TASK INSTRUCTIONS - Pictures stay out, but every line of the data is copied exactly.

GIVEN DATA -
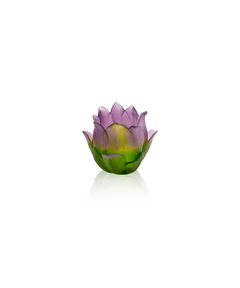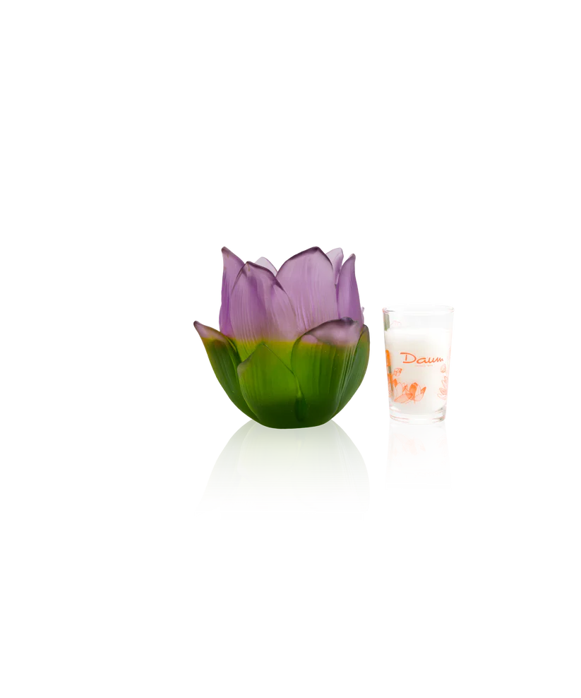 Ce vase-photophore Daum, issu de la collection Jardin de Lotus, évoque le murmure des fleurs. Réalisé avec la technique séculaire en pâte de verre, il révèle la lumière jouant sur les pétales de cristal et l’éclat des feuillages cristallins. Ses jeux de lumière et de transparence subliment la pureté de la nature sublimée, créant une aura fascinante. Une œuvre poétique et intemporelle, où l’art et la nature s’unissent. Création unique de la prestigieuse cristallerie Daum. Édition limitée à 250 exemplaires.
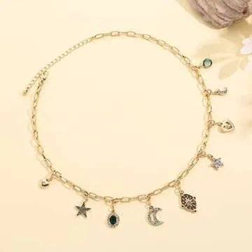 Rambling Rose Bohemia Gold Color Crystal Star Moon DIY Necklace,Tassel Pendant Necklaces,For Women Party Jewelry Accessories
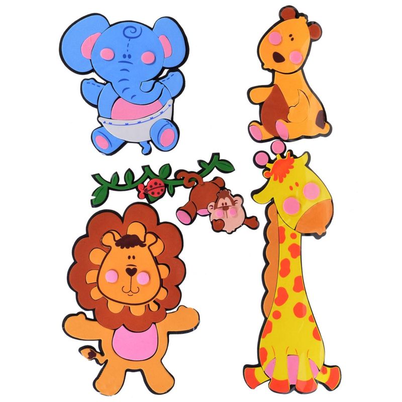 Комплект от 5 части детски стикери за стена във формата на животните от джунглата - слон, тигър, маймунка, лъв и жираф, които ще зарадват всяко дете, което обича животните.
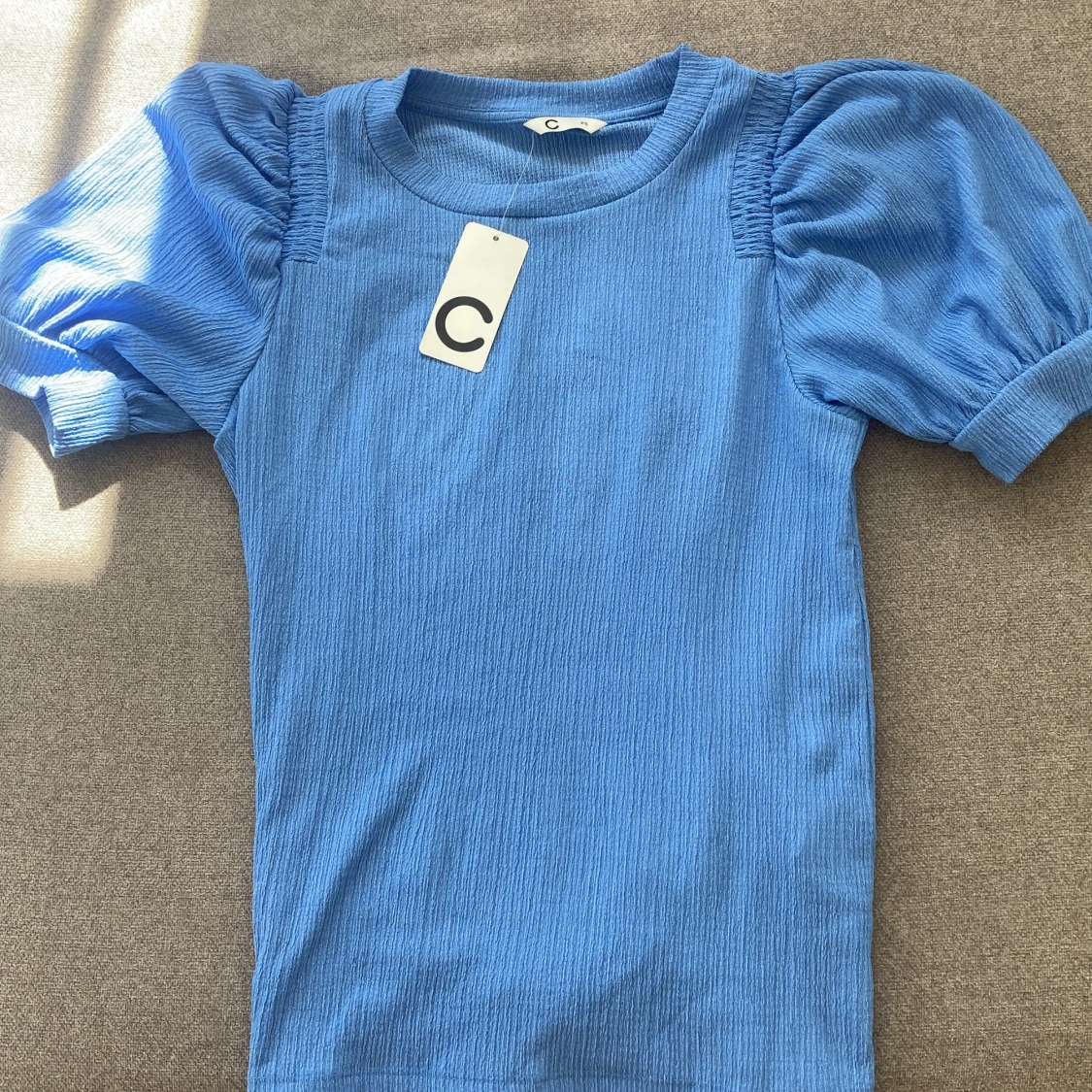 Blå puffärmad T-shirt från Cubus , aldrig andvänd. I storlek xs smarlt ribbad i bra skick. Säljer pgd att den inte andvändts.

ANSWER SPACE -
 Ce vase-photophore Daum, issu de la collection Jardin de Lotus, évoque le murmure des fleurs. Réalisé avec la technique séculaire en pâte de verre, il révèle la lumière jouant sur les pétales de cristal et l’éclat des feuillages cristallins. Ses jeux de lumière et de transparence subliment la pureté de la nature sublimée, créant une aura fascinante. Une œuvre poétique et intemporelle, où l’art et la nature s’unissent. Création unique de la prestigieuse cristallerie Daum. Édition limitée à 250 exemplaires.
 Rambling Rose Bohemia Gold Color Crystal Star Moon DIY Necklace,Tassel Pendant Necklaces,For Women Party Jewelry Accessories
 Комплект от 5 части детски стикери за стена във формата на животните от джунглата - слон, тигър, маймунка, лъв и жираф, които ще зарадват всяко дете, което обича животните.
 Blå puffärmad T-shirt från Cubus , aldrig andvänd. I storlek xs smarlt ribbad i bra skick. Säljer pgd att den inte andvändts.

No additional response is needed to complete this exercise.